**What needs to be done**
Each line below from the "К двум деревянным" line through the "Casual V Neck" line, those two included, must be restated word for word; the pictures must not be.

**Stored data**
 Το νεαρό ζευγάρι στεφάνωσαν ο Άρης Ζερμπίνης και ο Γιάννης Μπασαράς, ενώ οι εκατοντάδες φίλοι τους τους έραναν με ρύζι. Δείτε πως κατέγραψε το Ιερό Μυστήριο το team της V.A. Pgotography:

--

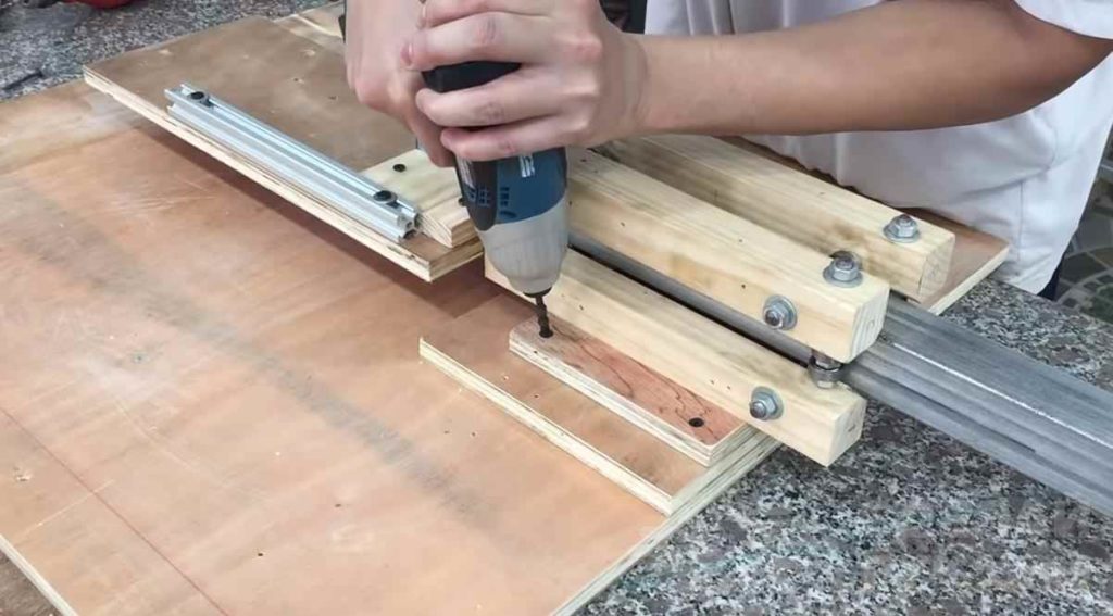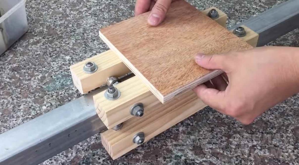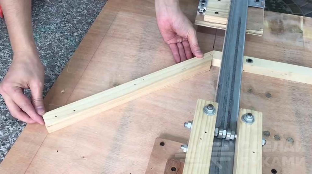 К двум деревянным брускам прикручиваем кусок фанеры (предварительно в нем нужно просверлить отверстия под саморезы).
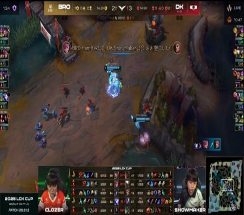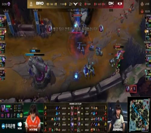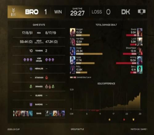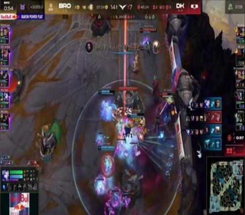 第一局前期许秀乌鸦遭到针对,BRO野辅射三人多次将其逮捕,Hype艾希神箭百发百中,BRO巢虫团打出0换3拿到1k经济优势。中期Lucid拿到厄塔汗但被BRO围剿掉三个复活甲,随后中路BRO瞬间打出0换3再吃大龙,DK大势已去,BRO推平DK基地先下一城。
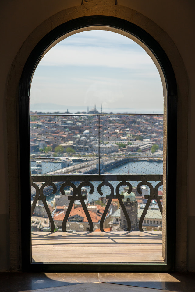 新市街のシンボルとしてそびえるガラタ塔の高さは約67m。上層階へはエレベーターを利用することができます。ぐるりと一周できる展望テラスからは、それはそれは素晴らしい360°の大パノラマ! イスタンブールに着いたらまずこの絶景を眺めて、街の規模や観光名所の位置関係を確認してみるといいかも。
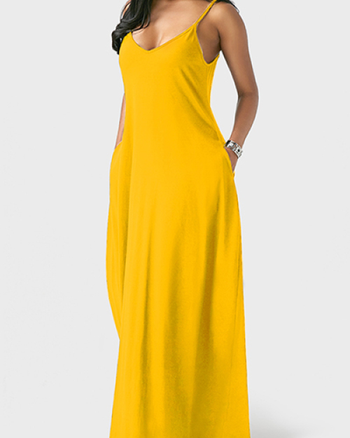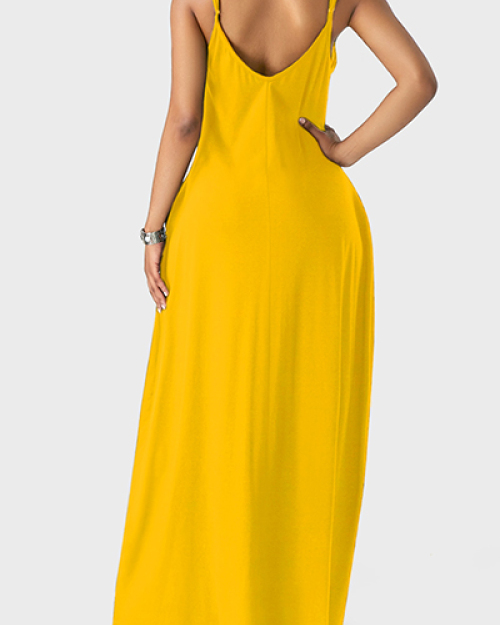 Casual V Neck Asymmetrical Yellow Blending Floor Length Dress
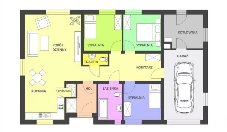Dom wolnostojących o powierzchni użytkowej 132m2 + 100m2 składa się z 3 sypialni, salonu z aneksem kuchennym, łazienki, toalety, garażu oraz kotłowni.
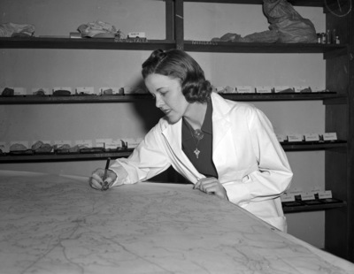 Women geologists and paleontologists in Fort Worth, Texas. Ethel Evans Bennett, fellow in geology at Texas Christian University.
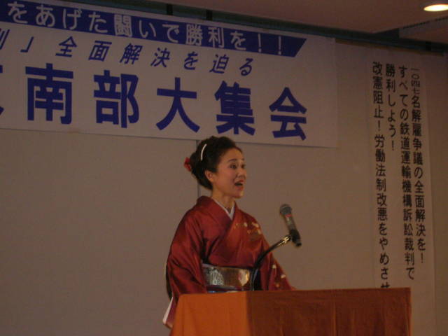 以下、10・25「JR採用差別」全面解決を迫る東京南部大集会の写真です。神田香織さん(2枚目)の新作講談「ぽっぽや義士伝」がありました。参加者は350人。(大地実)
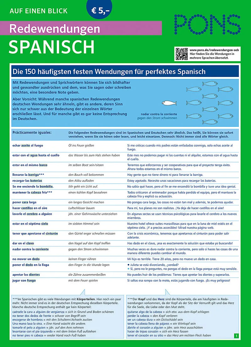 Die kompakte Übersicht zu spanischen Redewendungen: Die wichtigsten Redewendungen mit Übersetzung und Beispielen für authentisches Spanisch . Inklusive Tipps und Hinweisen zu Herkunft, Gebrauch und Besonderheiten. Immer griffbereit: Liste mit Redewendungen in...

**Output of the task**
 К двум деревянным брускам прикручиваем кусок фанеры (предварительно в нем нужно просверлить отверстия под саморезы).
 第一局前期许秀乌鸦遭到针对,BRO野辅射三人多次将其逮捕,Hype艾希神箭百发百中,BRO巢虫团打出0换3拿到1k经济优势。中期Lucid拿到厄塔汗但被BRO围剿掉三个复活甲,随后中路BRO瞬间打出0换3再吃大龙,DK大势已去,BRO推平DK基地先下一城。
 新市街のシンボルとしてそびえるガラタ塔の高さは約67m。上層階へはエレベーターを利用することができます。ぐるりと一周できる展望テラスからは、それはそれは素晴らしい360°の大パノラマ! イスタンブールに着いたらまずこの絶景を眺めて、街の規模や観光名所の位置関係を確認してみるといいかも。
 Casual V Neck Asymmetrical Yellow Blending Floor Length Dress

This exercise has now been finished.